Question 5.26 can also be restated in reverse-mathematical terms. Let LNS be the following statement: If f is a binary function such that \(f(n,s+1) \leqslant f(n,s)\) for all n and s then there is an infinite set X such that if \(i,j \in X\) and \(i<j\) then \(\exists t\,\forall s>t\, (f(i,s) \leqslant f(j,s))\).

Open Question 5.27

What is the reverse mathematical strength of LNS?

Patey (see [104]) showed that LNS does not imply the principle ADS (which was studied in [55] and is strictly weaker than RT\(^2_2\)) over RCA\(_0\).

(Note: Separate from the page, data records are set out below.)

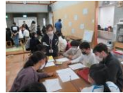
イングリッシュキャンプ
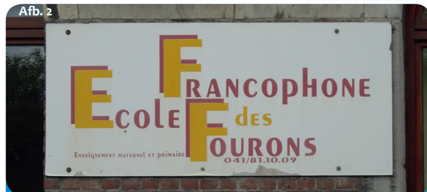
Bijzondere situatie in Voeren: hoewel de plaats bij het Nederlandse taalgebied hoort, is er hier ook een Franstalige basisschool.

In de Euregio bestaan er veel verschillende schoolsystemen. Soms zijn de verschillen erg groot. Dat begint al met de leerplicht : in Nederland moeten kinderen vanaf 5 jaar naar de basisschool, in België en Duitsland pas vanaf 6 jaar. Is dat wel eerlijk of leren de Duitse en Belgische kinderen dan niet minder?
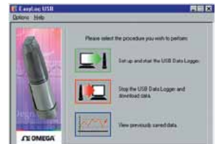
Software para Windows: ventana de configuración inicial

Dimensiones: Vea la ilustración dimensional
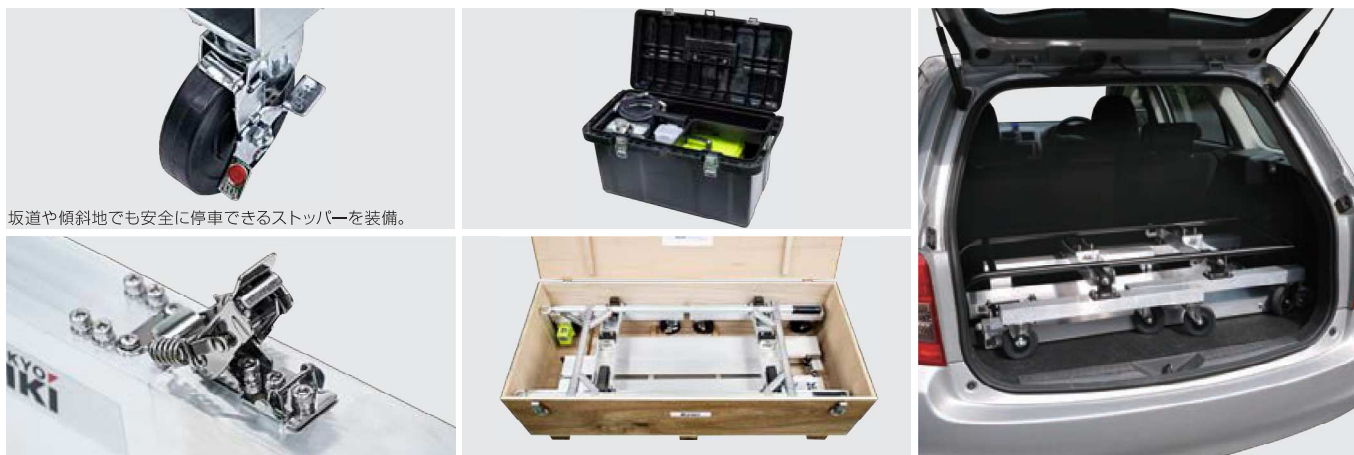
坂道や傾斜地でも安全に停車できるストッパーを装備。
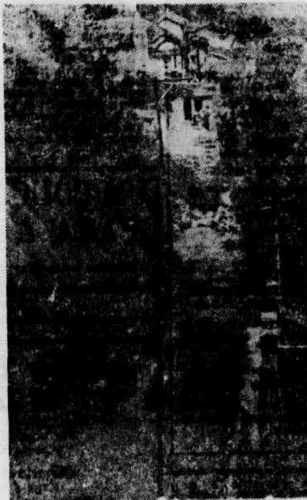
* Um aspecto da Rua Florinda, parcialmente pavimentada. O resto é mato, lixo e lama
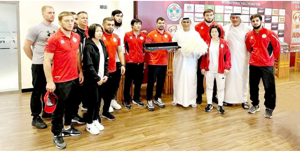
أبو ظبي . (الوحدة):

للدعم والاهتمام من القيادة الرشيدة، واستكمالاً للجهود الملموسة والكبيرة في الدورة الماضية من قبل سمو الشيخ أحمد بن محمد بن راشد آل مكتوم، النائب الثاني لحاكم دبي، وأشار إلى أن اتحاد الجودو شريكاً إستراتيجياً فاعلاً، من خلال مشاركته الإيجابية، وتواجده منذ سنوات عدة في مختلف الدورات الأولمبية، وحرصه المستمر على مواكبة التطور، والتعاون المستدام مع اللجنة الأولمبية في جميع المجالات التي تعزز مكانة دولة الإمارات عالمياً.
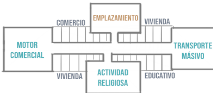
Ilustración 5. Esquema de compacidad urbana – elaboración propia

terminal de transporte hasta el motor comercial, se traza un eje compuesto de elementos de comercio, vivienda, dotacionales educativos y religiosos, el proyecto se emplaza a lo largo de esta carrera y significa un espacio de alto flujo peatonal con dinámicas sociales y culturales que a través de la operación de integrar el interior con el exterior, por medio de elementos análogos de la ciudad, puede contribuir a la activación, uso y apropiación del proyecto cultural y de su contexto.
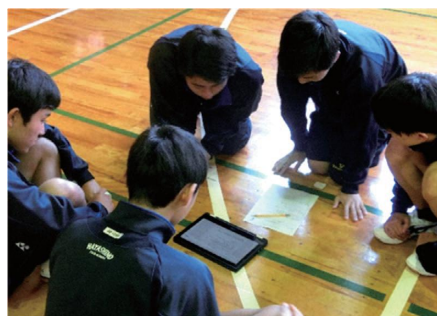
自分のプレーを振り返り
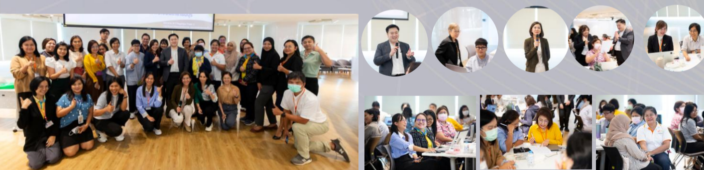
คณะทำงานกลุ่มย่อย ภายใต้โครงการ 6+1 Flagships Track 2 กลุ่มนักวิเคราะห์แผน งบประมาณและการบริหารความเสี่ยง

https://kmutt.me/mc-risk-management-poster
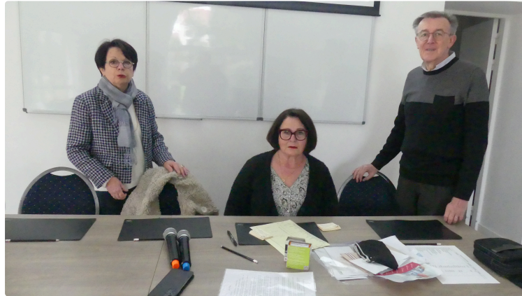
Comme un parfum d'Algérie à Condom

6 Measures of Relative Randomness

Much of my time in Wellington was spent thinking about algorithmic randomness. Richard Coles brought a question of Cris Calude’s down from Auckland, which Rod, André Nies, and I eventually solved [21]. In the process of working on this question, Rod and I started to get increasingly interested in the general area. This interest led to several papers, a survey article with André and Bas Terwijn [22], and a slim volume called Algorithmic Randomness and Complexity [17].

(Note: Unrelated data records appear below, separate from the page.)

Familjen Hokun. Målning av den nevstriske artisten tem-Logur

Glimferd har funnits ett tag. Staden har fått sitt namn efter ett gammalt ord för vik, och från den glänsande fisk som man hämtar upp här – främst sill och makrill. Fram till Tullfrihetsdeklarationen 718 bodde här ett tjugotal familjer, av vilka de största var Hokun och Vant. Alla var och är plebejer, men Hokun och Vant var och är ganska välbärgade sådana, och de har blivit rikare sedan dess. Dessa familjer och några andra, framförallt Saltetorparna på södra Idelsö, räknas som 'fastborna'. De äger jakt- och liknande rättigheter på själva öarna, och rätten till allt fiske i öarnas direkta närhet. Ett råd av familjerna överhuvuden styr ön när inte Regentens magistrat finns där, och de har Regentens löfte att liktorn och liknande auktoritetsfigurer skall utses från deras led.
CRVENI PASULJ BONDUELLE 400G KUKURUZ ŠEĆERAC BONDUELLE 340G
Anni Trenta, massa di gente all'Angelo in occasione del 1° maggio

The Sydney Opera House was completed ten years late and almost fifteen times over budget. By those standards, Rod and I did not do too badly. Our book took about seven years longer to write and ended up being three or four times as long as we had initially projected. Some of this delay was caused by the rapidly moving target that the area became as more and more researchers—many of them brilliant young ones, and many of them mentored or influenced by Rod—began to solve its problems and unearth new ones at an alarming rate. In this section and the next, I would like to mention two old problems (by the standards of this area) that have endured despite these efforts.

The Kučera-Gács Theorem [37, 69] states that every set is Turing reducible, and indeed wtt-reducible, to some 1-random set. Merkle and Mihailović [80] showed that the use of this reduction can always be taken to be of order \(n+o(n)\). One of the few original results in the Downey-Hirschfeldt book [17] is that this bound cannot be improved to \(n+O(1)\). Say that A is cl-reducible to B if there is a Turing functional \(\Gamma \) such that \(\Gamma ^B = A\) and \(\gamma ^B(n) \leqslant n+O(1)\), where \(\gamma \) is the use function of \(\Gamma \). (The original name for this notion in Downey, Hirschfeldt, and LaForte [18] was “strong weak truth table (sw-) reducibility”. For some reason, this adjectival salad was not popular. Lewis and Barmpalias [73, 74] renamed it “computable Lipschitz (cl-) reducibility”, reflecting the fact this reducibility is an effective version of the notion of Lipschitz transformation.)

Theorem 6.1

(Downey and Hirschfeldt [17]). There is a set that is not cl-reducible to any 1-random set.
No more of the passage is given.